Making Use of Lemongrass
I love herbs that have a lemony scent and flavor, and Lemongrass is one of those. I always grow a pot on my deck because it is so beautiful with its' grassy fronds waving in the breeze. And on top of that, it also chases away flies and wasps! But I've been a bit reluctant to use it in my cooking endeavors because I've never really done anything with it except make tea.
So I'm venturing out and promising myself a feast featuring Lemongrass. Some of the recipes look really good and easy too. First things first, I gotta learn how to harvest it. Gathering fresh leaves or stems and adding them to soups, stir fries and curries will add a lemon burst. Just snip the leaves and add them as the recipe calls for. Otherwise, the bottom stems can be cut, smashed and chopped to add to the dish as you cook.

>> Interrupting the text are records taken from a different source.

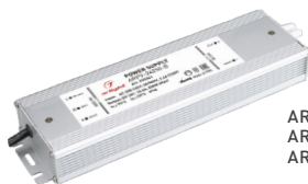
ARPV-12250-B ARPV-24250-B ARPV-12275-B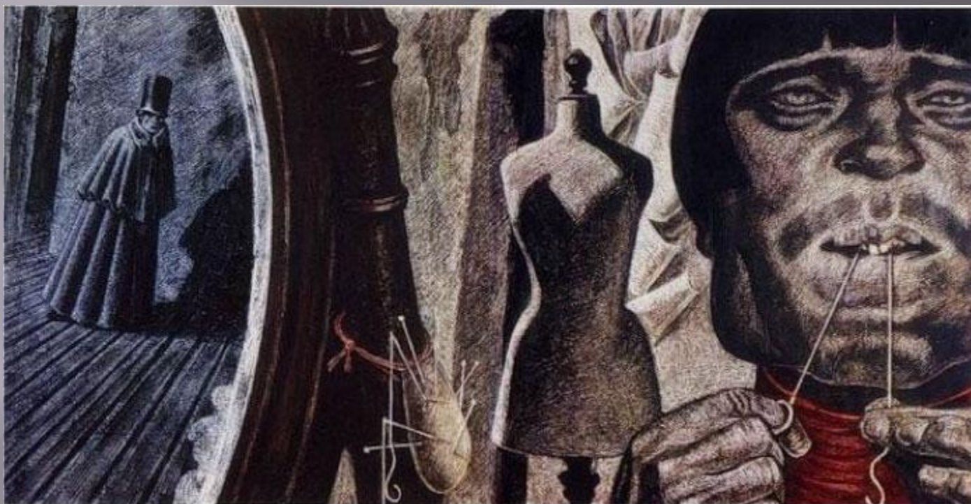
Бродский С. К портному. Иллюстрации к повести Н.В. Гоголя «Шинель», 1970. http://www.liveinternet.ru/users/rinagit/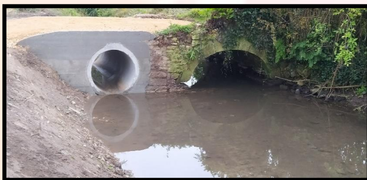
La buse placée de façon à absorber les surcharges du cours

Cette réalisation est une partie de la solution suggérée par le Conseil Municipal avec l'aide du technicien de rivière de la Comité d'Agglomération du Cotentin. A la demande de la DDTM, de l'empierrement devra être mis sur la berge. Deux parcelles en amont vont être achetées par la commune afin de créer une zone humide d'environ 9000 m 2 et une convention de prêt à usage va être établie avec les propriétaires actuels pour pouvoir à des périodes définies, mettre des équidés qui assureront une partie de l'entretien indispensable à son bon fonctionnement.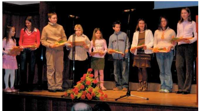
Nagrajenci za izbrana likovna in literarna dela na temo Moj kraj in Kako sem povezan z Jurijem Vego.

bom še naprej na vseh področjih kot do sedaj, dokler bo služilo zdravje, me bo veselilo druženje in se bom dobro počutil.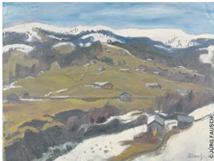
Fred Stauffer, Lauener Landschaft, 1940, Öl auf Leinwand, 110.5x114 cm; Museum zu Allerheiligen Schaffhausen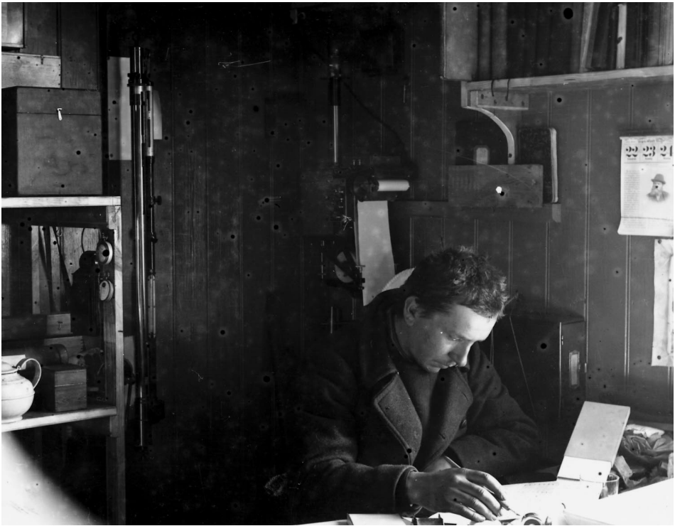
Abb. 4 Alfred Wegener in der Überwinterungshütte »Borg« am Rande des Inlandeises an der Ostküste Grönlands, 1912/13.

Eine großflächige Gleichförmigkeit des Meeresbodens war um 1912 durchaus noch eine gängige Vorstellung, aber schon mit dem Beginn der systematischen Lotungen, im Zusammenhang mit der Verlegung von Seekabeln ab Mitte des 19. Jahrhunderts, war man auf Besonderheiten gestoßen, die durch die zunehmenden marinen Forschungsaktivitäten gestützt wurden. Alexander Supan (1847-1920) hat auf verschiedenen Karten um die Jahrhundertwende die Atlantische Schwelle eingeführt (Supan 1899, Supan 1903). Auf der von Wegener zitierten Karte von Max Groll (Groll 1912) ist durch die Verwendung neuester Daten der Eindruck einer Schwelle zwar etwas verwischt 31 , aber doch eindeutig. Wegener hat dem Rechnung getragen. In Wegener 1912, S. 306 heißt es: ... Diese scheinen es auch nahezulegen, die mittelatlantische Bodenschwelle als diejenige Zone zu betrachten, in welcher bei der noch immer fortschreitenden Erweiterung des Atlantischen Ozeans der Boden desselben fortwährend aufreißt und frischem, relativ flüssigem und hoch temperiertem Sima aus der Tiefe Platz macht. Dieses ist schlicht die Beschreibung des Seafloor Spreading.

Here's a site, Spiceography, that tells you exactly how to cook with this versatile herb:
So now that I'm using it regularly, I don't want winter to be the end of my plant. A tropical plant, winters in Ohio are not good for it. So I'm going to bring my pot indoors to keep it going. Cymbopogon citratus or Lemongrass has many health benefits which I appreciate---anti-inflammatory, anti-bacterial, anti-fungal, and it is packed with vitamins.
My first recipe was a huge success. I made a Lemongrass Ginger Sauce and tossed it with shrimp and pasta. Yum! I got the recipe here:
I highly recommend using your beautiful Lemongrass in dishes---and if you don't grow it, go out and get a plant. It brings a brightness to your food and gives you a chance to try new recipes.